FAA Preempts California Law On Arbitration Fees

Employment Law

The FAA preempts California’s Code of Civil Procedure section 1281.97, which requires employers to pay arbitration fees within 30 days of the due date or return the case to court, a state appellate panel has ruled.

As part of her employment with Sohnen Enterprises as a product handler, Massiel Hernandez signed an arbitration agreement, which stated that it was governed by the FAA.

Several years later, she filed a complaint against Sohnen for disability discrimination, Labor Code violations and related causes of action.

The parties stipulated to stay the trial court proceedings and arbitrate pursuant to the agreement, and Hernandez filed a demand for arbitration. The arbitrator sent a notice to both parties with the filing fees that were due upon receipt.

When Sohnen paid the filing fees more than 30 days later, Hernandez filed a motion to withdraw from arbitration and vacate the stay of court proceedings. She argued that under section 1281.97, Sohnen materially breached the arbitration agreement and waived its right to arbitrate by failing to pay the arbitration fees within 30 days of the date.

The trial court agreed, granting the motion, but the appellate panel reversed.

Although the parties disputed whether the state law requirements or the FAA governed the agreement, the court had little difficulty concluding that the federal statute applied, given its clear statement.

The FAA does not expressly preempt state law, but it does contain procedural provisions, the court noted, and when the FAA applies to an arbitration agreement, it will preempt state substantive law that conflicts with the policies of the FAA.

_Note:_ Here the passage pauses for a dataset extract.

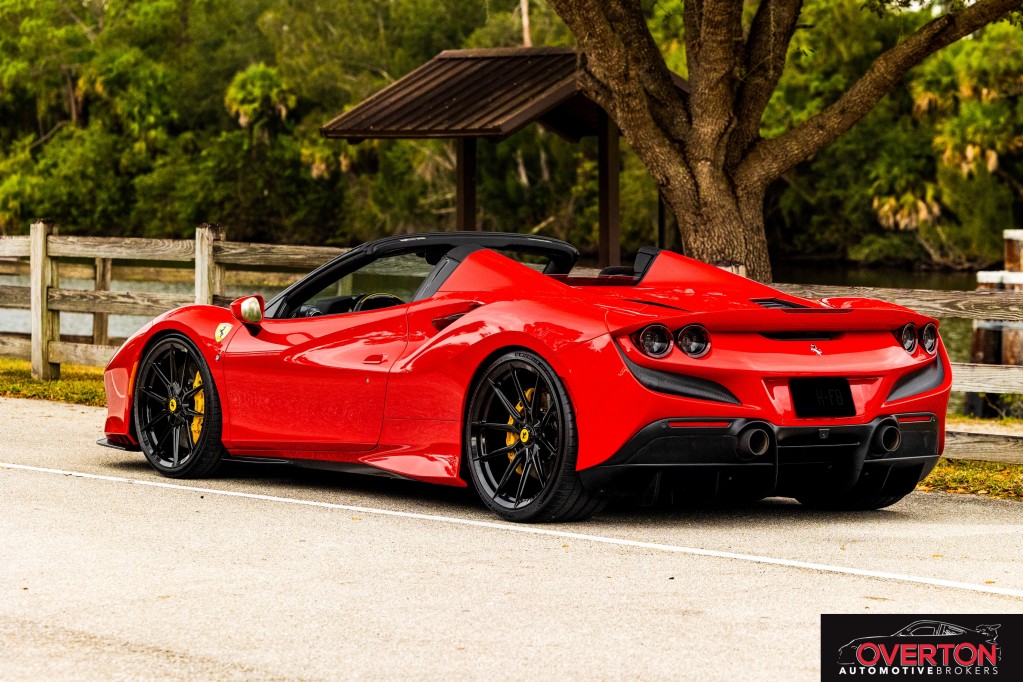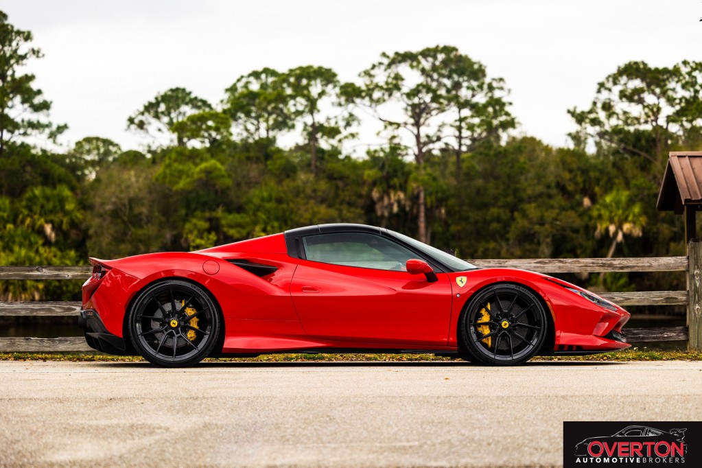 2022 Ferrari F8 Spider in Rosso Corsa with Nero Interior. Located in Stuart, FL. Only 1419 miles. PPF on Entire Front and Sides. Ceramic Coated. Novitec NF10 Gloss Black 21 and 22 inch wheels with Pilot Sport 4S Tires installed in April 2025. Novitec lowering Spring Kit

In the case at hand, the arbitration agreement “plainly states ‘this agreement is governed by the FAA,’” the court wrote. “[T]he statement in the arbitration agreement is broad, encompassing both the procedural and substantive provisions of the FAA. The agreement consistently refers to procedures contained in the FAA, such as allowing a party to seek appointment of an arbitrator pursuant to the FAA.”

The agreement contained no provision explicitly referring to California law, the court added, indicating that the “parties selected the procedural provisions of the FAA and the Federal Rules of Civil Procedure, and therefore, the procedures of [California law], including section 1281.97, do not apply.”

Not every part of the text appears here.